Syariah

Pengurangan Subsidi BBM dalam Kajian Islam

Rab, 24 Agustus 2022 | 06:00 WIB

Pengurangan Subsidi BBM dalam Kajian Islam

Subsidi merupakan bantuan yang diberikan pemerintah pada sektor-sektor publik yang ditujukan terutama bagi masyarakat kecil yang terdampak.

Pemerintah lewat Kementrian Koordinator Bidang Kemaritiman dan Investasi menggulirkan wacana untuk menaikkan harga BBM. Rencana ini dipicu oleh tingginya harga minyak mentah dunia sehingga menciptakan rentang yang cukup signifikan antara harga ekonomis dengan harga jual.


Imbasnya, subsidi untuk BBM akan meningkat tajam, yang artinya APBN akan menanggung subsidi dan kompensasi energi yang cukup besar. Padahal, kebutuhan negara bukan hanya berpusat pada BBM saja. Ada sektor-sektor lain yang juga perlu untuk dibiayai semisal pendidikan, kesehatan, dan lain sebagainya.


Dalam hal ini, menarik untuk kita kaji secara hukum Islam, apakah tindakan pemerintah menaikkan harga BBM atau dengan kata lain menarik subsidi bisa dibenarkan secara syariat? Untuk menjawab persoalan ini, kita perlu memahami dua hal, yakni harga jual BBM di satu sisi dan subsidi di sisi yang lainnya.

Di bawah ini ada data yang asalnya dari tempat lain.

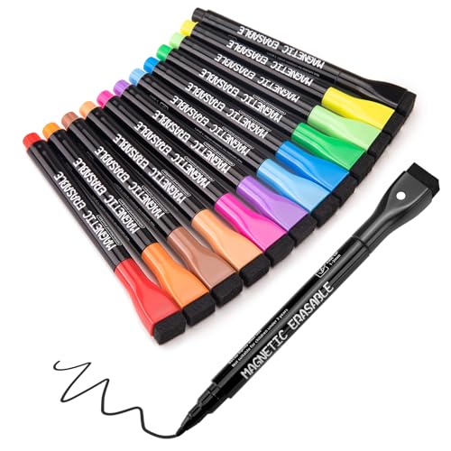 ABEIER whiteboard-pennor whiteboardtavla: 12 magnetiska whiteboardpennor och radergummi, 12 färger fin spets whiteboardmarkörer, låg-lukt, icke-giftiga fin punktspennor
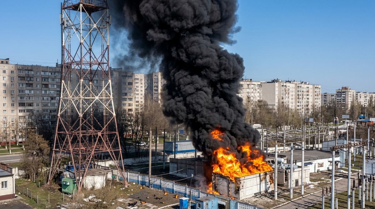 Foto: Drony udeřily v Belgorodu. Zásah rozvodny vyvolal požár a výpadky proudu | Telegram

Harga jual BBM sebagaimana harga jual barang-barang lainnya adalah hak mutlak penjual. Persoalannya ialah, untuk BBM, kita ketahui bersama bahwa itu adalah milik negara, sementara negara adalah milik rakyat.


Pemerintah sebagai pengelola negara dalam hal ini memiliki kewenangan penuh untuk mengatur harga jual BBM. Tentu saja dengan seizin DPR sebagai representasi dari rakyat. Dalam pengambilan keputusannya, pemerintah harus menepati prinsip dasar pemerintahan sebagaimana syariat Islam, yakni:


تصرف الإمام على رعيته منوطٌ بالمصلحة 


Artinya: “Kebijakan Imam terhadap rakyat yang dipimpinnya adalah mewujudkan kemaslahatan.”


Menaikkan atau menurunkan harga BBM sebagaimana kebijakan-kebijakan pemerintah lainnya harus senantiasa berpegang kepada prinsip tersebut.

 

Berikutnya, subsidi dalam Islam biasa dikenal dengan istilah I’thau al-daulah min amwaalihaa li al-raiyah atau pemberian harta milik negara kepada individu rakyat. Hal ini pernah terjadi di masa pemerintahan Khalifah Umar ibn al-Khattab yang membagikan harta dari Baitul Mal untuk para petani di Irak agar mereka memiliki kemampuan untuk mengolah lahan.


Kewenangan memberikan subsidi berada di tangan pemerintah. Tentunya dengan mempertimbangkan kemaslahatan rakyat sebagaimana prinsip pemerintahan yang telah disebutkan sebelumnya. Selain itu, pemerintah juga harus jeli menimbang sektor mana yang paling penting untuk diberi subsidi. Hal ini sebagaimana disebutkan dalam kitab al-Imamah al-‘uzhma, j. II, h. 357:


الواجب على الإمام عند صرف الأموال ان يبتدئ فى القسمة بلأهم فالأهم من مصالح المسلمين كعطاء من يخصل للمسلمين منهم منفعة عامة أو للمحتاجين إهـ


Artinya: “Wajib bagi Imam saat menasarufkan harta (Baitul Mal), memprioritaskan pembagian pada sektor yang paling penting dan seterusnya dalam bingkai kemaslahatan kaum muslimin seperti memberikan sesuatu yang bisa menghasilkan manfaat secara umum bagi mereka atau bagi yang membutuhkan:.


Penjelasan di atas menegaskan bahwa sebaiknya subsidi diberikan pada sektor yang bisa memberikan kemanfaatan paling banyak pada seluruh rakyat atau pada rakyat yang paling membutuhkan. Demikian, semoga bermanfaat. Wallahu a’lam bis shawab.